Food in general after it has reached the duodenum acts as a stimulant to the liver, and two or three hours after a full meal the bile secretion is increased; but there are a few foods to which a special stimulating effect has been attributed, although their influence, if any, is slight. These are chiefly the succulent vegetables, like tomatoes, and also spinach and cresses. Strong alcohol, condiments, such as pepper, mustard, spices, and especially curry, have the same effect, and should be avoided. Fats and sugars eaten too freely are very apt to disturb the action of the healthy liver, especially during hot weather.

Coffee and tea may be allowed only in such moderation as one cup a day. Alcohol had better be prohibited entirely. Beer, ale, porter, strong liquors, liqueurs, and all sweet wines, such as champagne, sherry, Madeira, port, and Tokay, must be absolutely forbidden. If necessary as a tonic, a little Rhine wine, hock, or Moselle may be used (not over a couple of glasses daily), or much-diluted whisky. Of all the organs of the body, none is more often poisoned and made cirrhotic by alcohol than the liver, and the moral needs no further emphasis. Many other chemical stimuli, such as opium, derange the liver functions and interfere with the elaboration of food.

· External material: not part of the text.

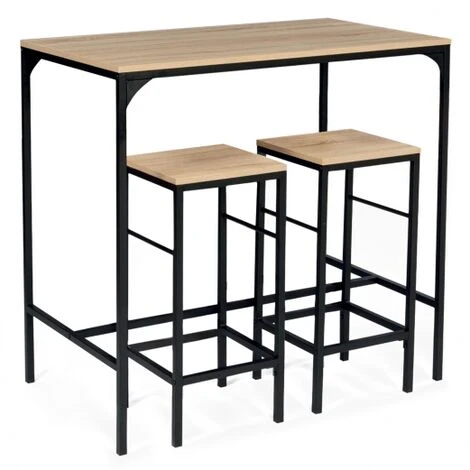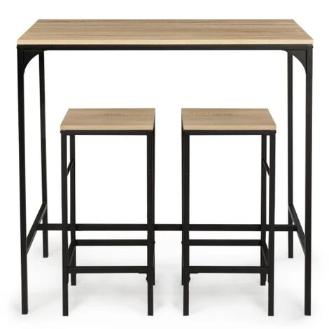Vi piace pranzare in movimento, con uno spirito rilassato? Sarà perfetto in casa o in ufficio. Questo bancone da cucina è molto trendy e il suo spirito loft si sposa perfettamente con la sua utilità: mangiate velocemente intorno a questo tavolo in piedi o prendetevi il tempo di cenare seduti comodamente sugli sgabelli. Il tavolo alto DETROIT ha un design moderno con piano in truciolato e struttura in metallo nero. Il tavolo e i suoi 2 sgabelli saranno un elemento centrale della vostra cucina o sala da pranzo. Si tratta di un tavolo da cucina o da sala da pranzo, da utilizzare come tavolo da cucina con isola centrale o da collocare in soggiorno. Fate scivolare gli sgabelli sotto il tavolo per risparmiare ancora più spazio! Il colore del legno del piano del tavolo e della seduta degli sgabelli e il nero della struttura si sposeranno perfettamente con l’arredamento e daranno un tocco industriale di grande tendenza.Questo tavolo e i suoi 2 sgabelli sono ideali se cercate un tavolo da bar che sia al tempo stesso di design e funzionale.Farà un figurone in casa o in ufficio!Dimensioni del tavolo da bar e dei 2 sgabelli DETROIT – legno e metallo- Dimensioni complessive del tavolo da bar: lunghezza 100 cm x larghezza 45 CM x altezza 95 CM- Dimensioni complessive degli sgabelli : Lunghezza 32 CM x larghezza 32 CM x altezza 67 CM- Altezza del poggiapiedi: 15,5 CM- Dimensioni del tubo (tavolo e sgabelli): 2 x 2 CM- Spessore del piano del tavolo e delle sedute: 1,5 CM- Capacità: 2 personeDisponibile anche in versione 4 sgabelli e 6 sgabelli.Trovate la nostra intera collezione industriale sul nostro negozio online!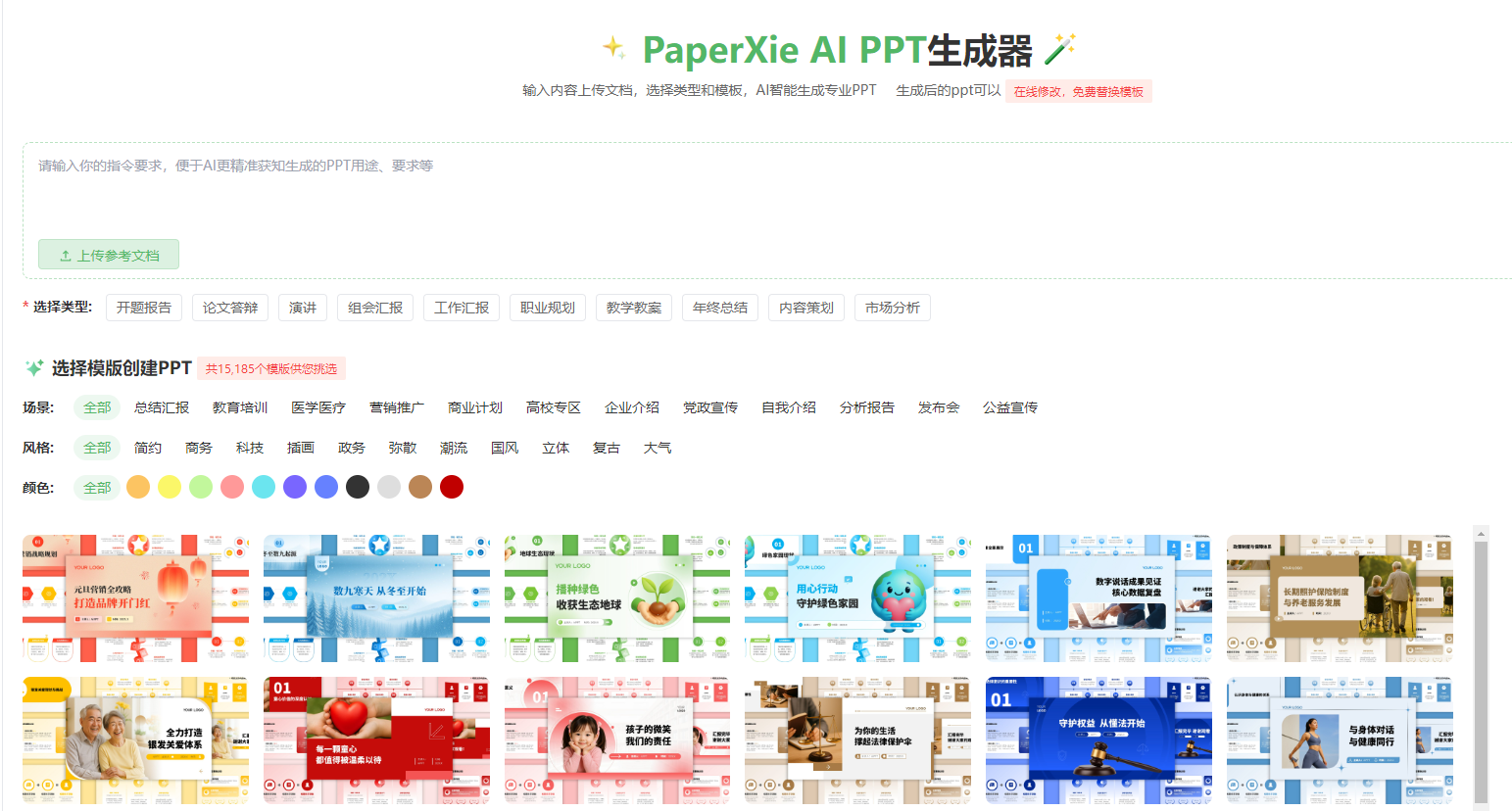 - 视觉风格多维参数化:支持按"场景(高校专区/教育培训/商务计划)+ 风格(简约/科技/国风)+ 颜色(RGB/HEX自定义)"三级参数进行模板筛选,共提供15185套结构化模板,确保视觉表达与学科主题或企业品牌高度契合。

More or less intestinal dyspepsia always results from alterations in the quantity or composition of the bile, and on this account as well the food must be carefully selected, and all sugars and most starchy aliments must be forbidden as well as fats.

Among the articles especially prohibited in all cases of liver disease are condiments, spices, curries, pickles, sauces, rich soups, fried food of every kind, veal, pork, sausages; salt foods, such as corned beef and salt fish; crustaceans, new bread, preserves, and sweets of all sorts; pastry, puddings, cakes; all the heavier starchy vegetables, such as potatoes, corn, peas, beans; salad oil; oily fish, like salmon and sardines. Only fresh food should be given.

In acute functional derangement of the liver, whether there is imperfect or diminished secretion of bile or hypersecretion, it is best to considerably reduce all food in quantity. At first, if there are vomiting and headache, only light broths, beef tea, and perhaps dry toast or a cracker should be given.

In acute hepatic disease the tongue becomes furred and the appetite is apt to fail. The latter, in a manner, keeps guard over the liver, for when that organ is overloaded or incapacitated to work a failing appetite leads to taking in less food until proper functional activity is restored. But there are many chronic cases in which continued absence of appetite leads the patient to take less nourishment than is really needed, and in such cases it is not a reliable guide. It is not desirable to restrict the diet too closely or allow it to become monotonous. The palate should rather be tempted by reasonable variety.